For SARS, which killed about 800 people across the world in 2002 and 2003, recovered patients remained protected "for about three years, on average," Francois Balloux director of the Genetics Institute at University College London, said.

"One can certainly get reinfected, but after how much time? We'll only know retroactively."

A recent study from China that has not gone through peer review reported on rhesus monkeys that recovered from Sars-Cov-2 and did not get reinfected when exposed once again to the virus.

"But that doesn't really reveal anything," said Pasteur Institute researcher Frederic Tangy, noting that the experiment unfolded over only a month.

Indeed,several cases from South Korea -- one of the first countries hit by the new coronavirus -- found that patients who recovered from COVID-19 later tested positive for the virus.

But there are several ways to explain that outcome, scientists cautioned.

While it is not impossible that these individuals became infected a second time, there is little evidence this is what happened.

More likely, said Balloux, is that the virus never completely disappeared in the first place and remains -- dormant and asymptomatic -- as a "chronic infection", like herpes.

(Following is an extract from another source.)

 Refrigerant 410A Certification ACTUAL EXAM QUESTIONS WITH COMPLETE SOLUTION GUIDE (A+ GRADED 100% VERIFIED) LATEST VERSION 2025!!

As tests for live virus and antibodies have not yet been perfected, it is also possible that these patients at some point tested "false negative" when in fact they had not rid themselves of the pathogen.

"That suggests that people remain infected for a long time -- several weeks," Balloux added. "That is not ideal."

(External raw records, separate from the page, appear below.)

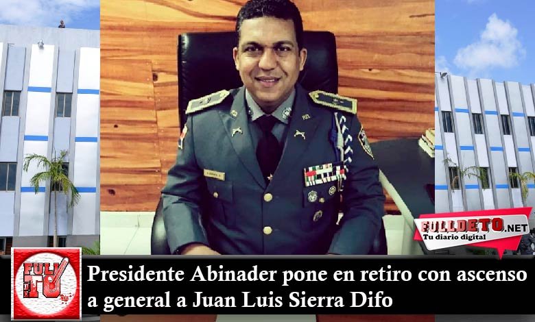 San Francisco de Macorís, RD. – El presidente de la República Luis Abinader mediante los decretos 121-23 y 122-23 asciende al coronel Juan Luis Sierra Difo a general y puesto en honrosa situación de retiro.
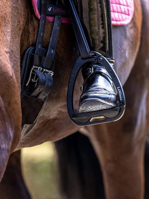 - An integrated hinged arm has a two-stage release system, preventing unintentional opening. The spring loaded arm locks into the base of the main frame meaning that when under maximum pressure, such as landing over a fence, the rider’s weight is spread evenly across the stirrup, preventing the outside dropping and flexing. When pressure is put onto the arm of the stirrup, the arm releases allowing the foot to come out of the stirrup and minimising the risk of it getting stuck. The stirrup arm breakout force = 36N (equivalent to 3.62kg) in testing meaning enough resistance to stop it opening unintentionally, but will release when needed.
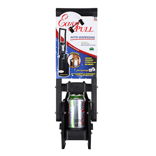 For most people, the Easy Pull Auto Dispensing can crusher is the best option on the market. It is easy to use, affordable, durable and prevents hazardous cuts from crushed cans by automatically dispensing the can into a bin below.

Another pre-publication study that looked at 175 recovered patients in Shanghai showed different concentrations of protective antibodies 10 to 15 days after the onset of symptoms.

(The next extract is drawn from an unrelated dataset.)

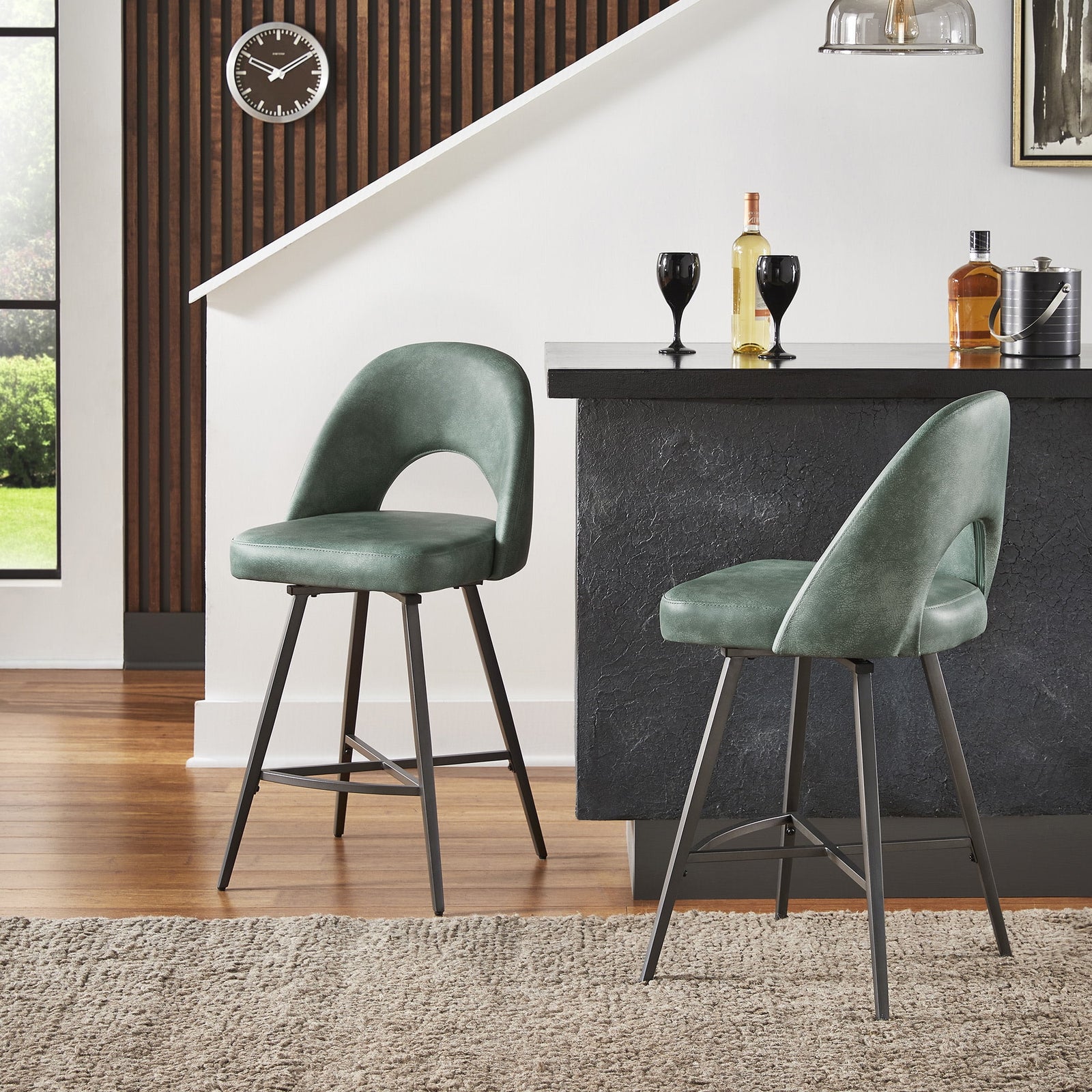 Weston Home Krista 24" Metal Swivel Mid Back Counter Stools, Set of 2, Teal - open_box

"But whether that antibody response actually means immunity is a separate question," commented Maria Van Kerhove, Technical Lead of the WHO Emergencies Programme.

"That's something we really need to better understand -- what does that antibody response look like in terms of immunity."

Indeed, a host of questions remain.

"We are at the stage of asking whether someone who has overcome COVID-19 is really that protected," said Jean-Francois Delfraissy, president of France's official science advisory board.

For Tangy, an even grimmer reality cannot be excluded.

"It is possible that the antibodies that someone develops against the virus could actually increase the risk of the disease becoming worse," he said, noting that the most serious symptoms come later, after the patient had formed antibodies.

For the moment, it is also unclear whose antibodies are more potent in beating back the disease: someone who nearly died, or someone with only light symptoms or even no symptoms at all. And does age make a difference?

Faced with all these uncertainties, some experts have doubts about the wisdom of persuing a "herd immunity" strategy such that the virus -- unable to find new victims -- peters out by itself when a majority of the population is immune.

"The only real solution for now is a vaccine," Archie Clements, a professor at Curtin University in Perth Australia, told AFP.

At the same time, laboratories are developing a slew of antibody tests to see what proportion of the population in different countries and regions have been contaminated.

Such an approach has been favoured in Britain and Finland, while in Germany some experts have floated the idea of an "immunity passport" that would allow people to go back to work.

"It's too premature at this point," said Saad Omer, a professor of infectious diseases at the Yale School of Medicine.

"We should be able to get clearer data very quickly -- in a couple of months -- when there will be reliable antibody tests with sensitivity and specificity."

One concern is "false positives" caused by the tests detecting antibodies unrelated to COVID-19.

The idea of immunity passports or certificates also raises ethical questions, researchers say.

"People who absolutely need to work -- to feed their families, for example -- could try to get infected," Balloux.